Add a Git-based repository to Amazon EMR - Amazon EMR

Add a Git-based repository to Amazon EMR

Note

EMR Notebooks are available as EMR Studio Workspaces in the console. The Create Workspace button in the console lets you create new notebooks. To access or create Workspaces, EMR Notebooks users need additional IAM role permissions. For more information, see Amazon EMR Notebooks are Amazon EMR Studio Workspaces in the console and Amazon EMR console.

Refer to the following sections for information on how to add a Git-based repository to an EMR notebook in the old console, or to an EMR Studio Workspace in the new console.

New console

Because EMR Notebooks are EMR Studio Workspaces in the new console, you can follow the instructions in Link Git-based repositories to an EMR Studio Workspace to associate up to three Git repositories with your Workspace.

Alternatively, you can use the JupyterLab Git extension. Choose the Git icon from the left sidebar of your Jupyterlab notebook to access the extension. For information about the extension, see the jupyterlab-git GitHub repo.

To associate a Git repository with a Workspace, your Studio administrator must take steps to configure the Studio to allow Git repository linking. For more information, see Establish access and permissions for Git-based repositories.

Old console
To add a Git-based repository as a resource in your Amazon EMR account with the old console
  1. Open the old Amazon EMR console at https://console.aws.amazon.com/elasticmapreduce.
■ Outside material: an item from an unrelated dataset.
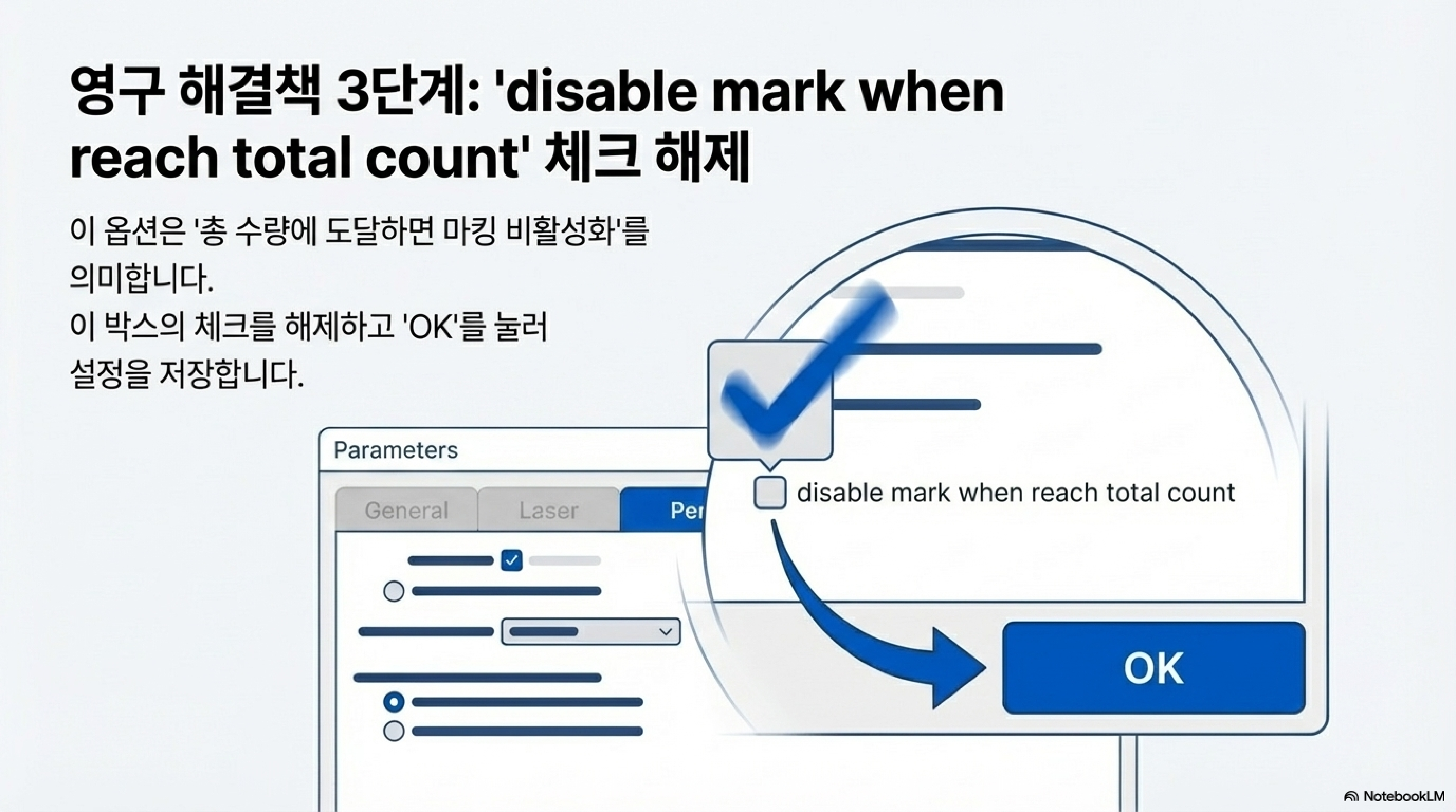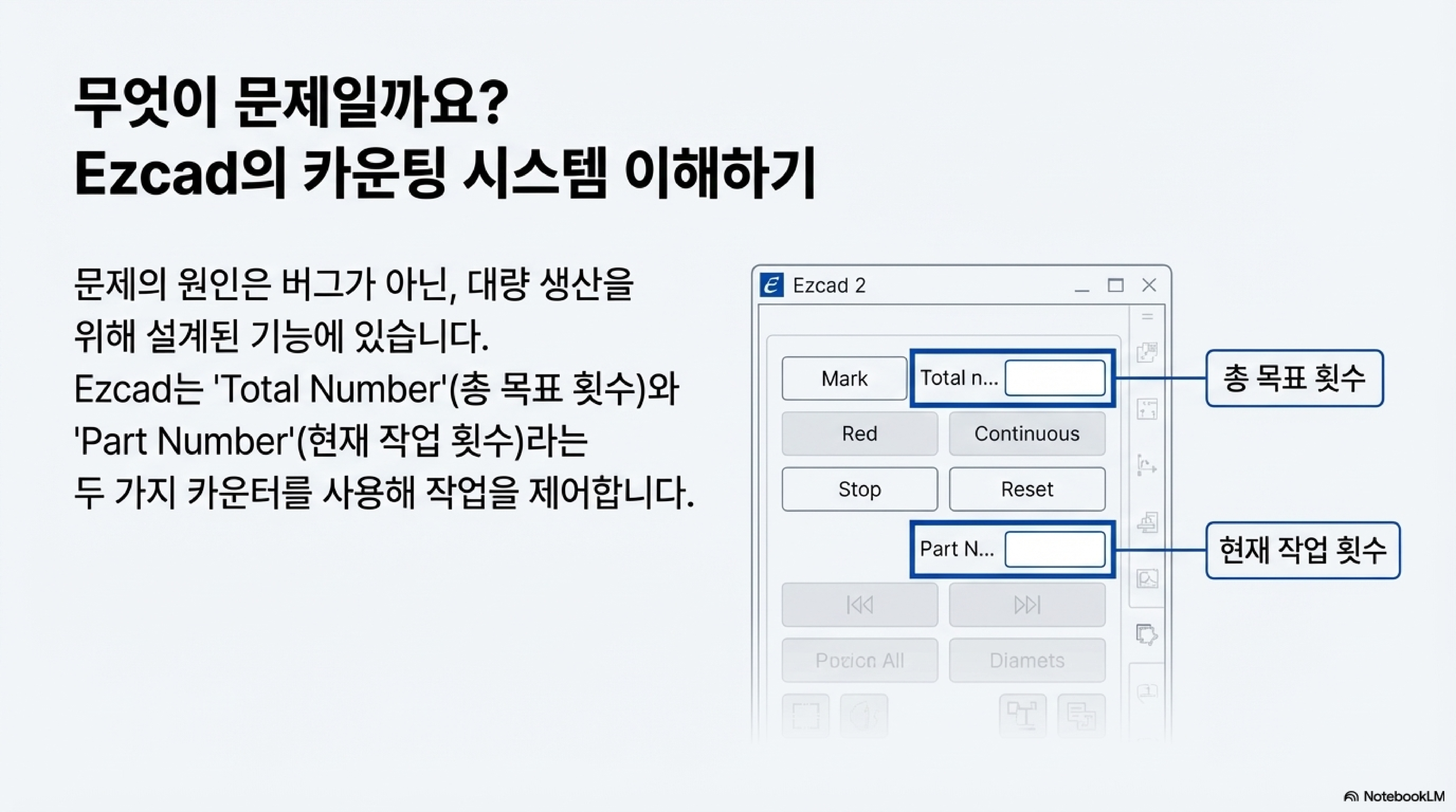 "여러분이 설정한 '총 작업 횟수'가 바로 최종 '목표'인 셈입니다. 그런데 레이저는 이미 그 목표치만큼 부품을 가공했기 때문에, 더 이상 작업을 실행할 수 없다고 알려주는 것이죠."

  2. Choose Git repositories, and then choose Add repository.

  3. For Repository name, enter a name to use for the repository in Amazon EMR.

    Names may only contain alphanumeric characters, hyphens (-), or underscores (_).

  4. For Git repository URL, enter the URL for the repository. When using a CodeCommit repository, this is the URL that is copied when you choose Clone URL and then Clone HTTPS, for example, https://git-codecommit.us-west-2.amazonaws.com/v1/repos/MyCodeCommitRepoName.

  5. For Branch, enter a branch name.

  6. For Git credentials, choose options according to the following guidelines. You can use a Git user name and password or a personal access token (PAT) to authenticate to your repository. EMR Notebooks accesses your Git credentials using secrets stored in Secrets Manager.

    Note

    If you use a GitHub repository, we recommend that you use a personal access token (PAT) to authenticate. Beginning August 13, 2021, GitHub will no longer accept passwords when authenticating Git operations. For more information, see the Token authentication requirements for Git operations post in The GitHub Blog.

    Option Description

    Use an existing AWS secret

    Choose this option if you already saved your credentials as a secret in Secrets Manager, and then select the secret name from the list.

    If you select a secret associated with a Git user name and password, the secret must be in the format {"gitUsername": "MyUserName", "gitPassword": "MyPassword"}.

    Create a new secret

    Choose this option to associate existing Git credentials with a new secret that you create in Secrets Manager. Do one of the following based on the Git credentials that you use for the repository.

    If you use a Git user name and password to access the repository, select Username and password, enter the Secret name to use in Secrets Manager, and then enter the Username and Password to associate with the secret.

    –OR–

    If you use a personal access token to access the repository, select Personal access token (PAT), enter the Secret name to use in Secrets Manager, and then enter your personal access token.

    For more information, see Creating a personal access token for the command line for GitHub and Personal access tokens for Bitbucket. CodeCommit repositories do not support this option.

    Use a public repository without credentials

    Choose this option to access a public repository.

  7. Choose Add repository.